A regular user interacts with WhiteSet instances when calling QC methods on Dataset and Station classes, providing fine-grained control over which records should be protected from being flagged as outliers.
Important
In practice, users only create WhiteSet instances to pass them as parameters to QC methods.
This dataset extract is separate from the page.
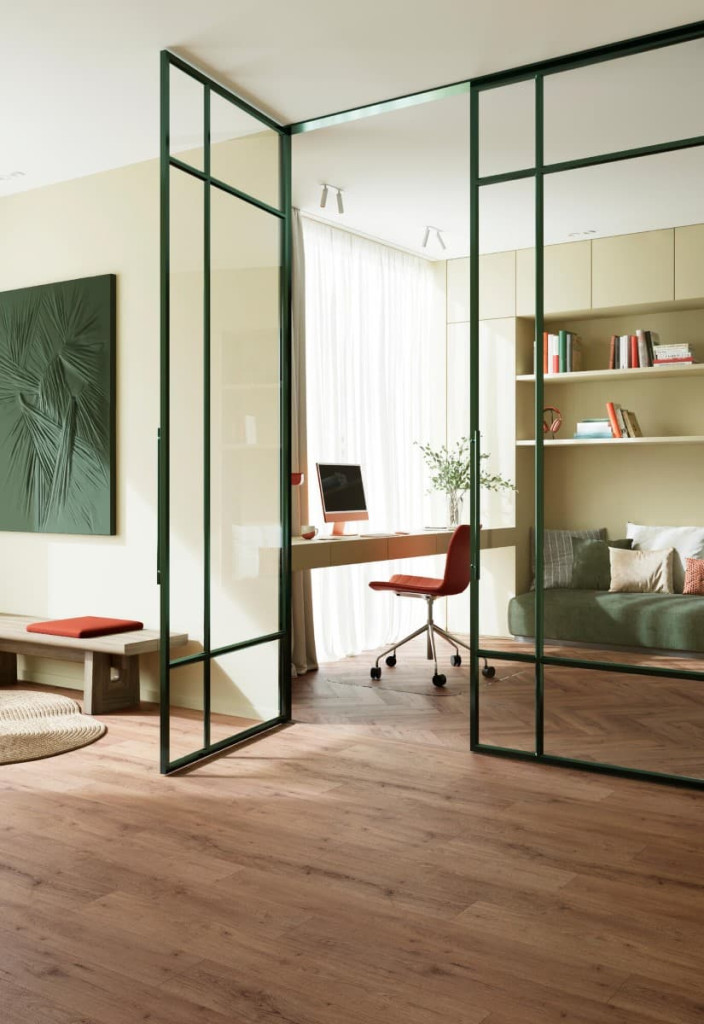 Odolná prkna a dlaždice. Zenn 55 nabízí dvanáct nádherně matných a realistických dekorů: osm prken ve vzhledu dřeva a čtyři dlaždice ve vzhledu kamene.

A user does generally not need to interact with this class through its methods.
Constructor#
|
Whitelist container for multiple stations and observation types. |
Methods#
A summary of all methods in the WhiteSet class.
|
Retrieve and optionally print detailed information about the WhiteSet. |
|
Create a sensor-specific whitelist for a station and observation type. |
Index Structure#
The white_records index can have one or more of the following levels:
name: Station identifier (matches the station name)
obstype: Observation type (e.g., ‘temp’, ‘humidity’)
datetime: Specific timestamps to whitelist
If the ‘datetime’ level is absent, all timestamps for matching station/obstype combinations are whitelisted.
Timezone Handling#
Important
When the white_records index contains a ‘datetime’ level, timestamps are automatically
handled during WhiteSet initialization:
Timezone-aware timestamps are converted to UTC
Timezone-naive timestamps are localized to UTC (with a warning)
It is strongly recommended to provide timezone-aware timestamps to avoid ambiguity and ensure correct matching during quality control operations.
Examples#
Create a WhiteSet with datetime-only whitelisting:
import pandas as pd
import metobs_toolkit
# Whitelist specific timestamps across all stations
timestamps = pd.date_range('2022-09-01 00:00', periods=10, freq='1h', tz='UTC')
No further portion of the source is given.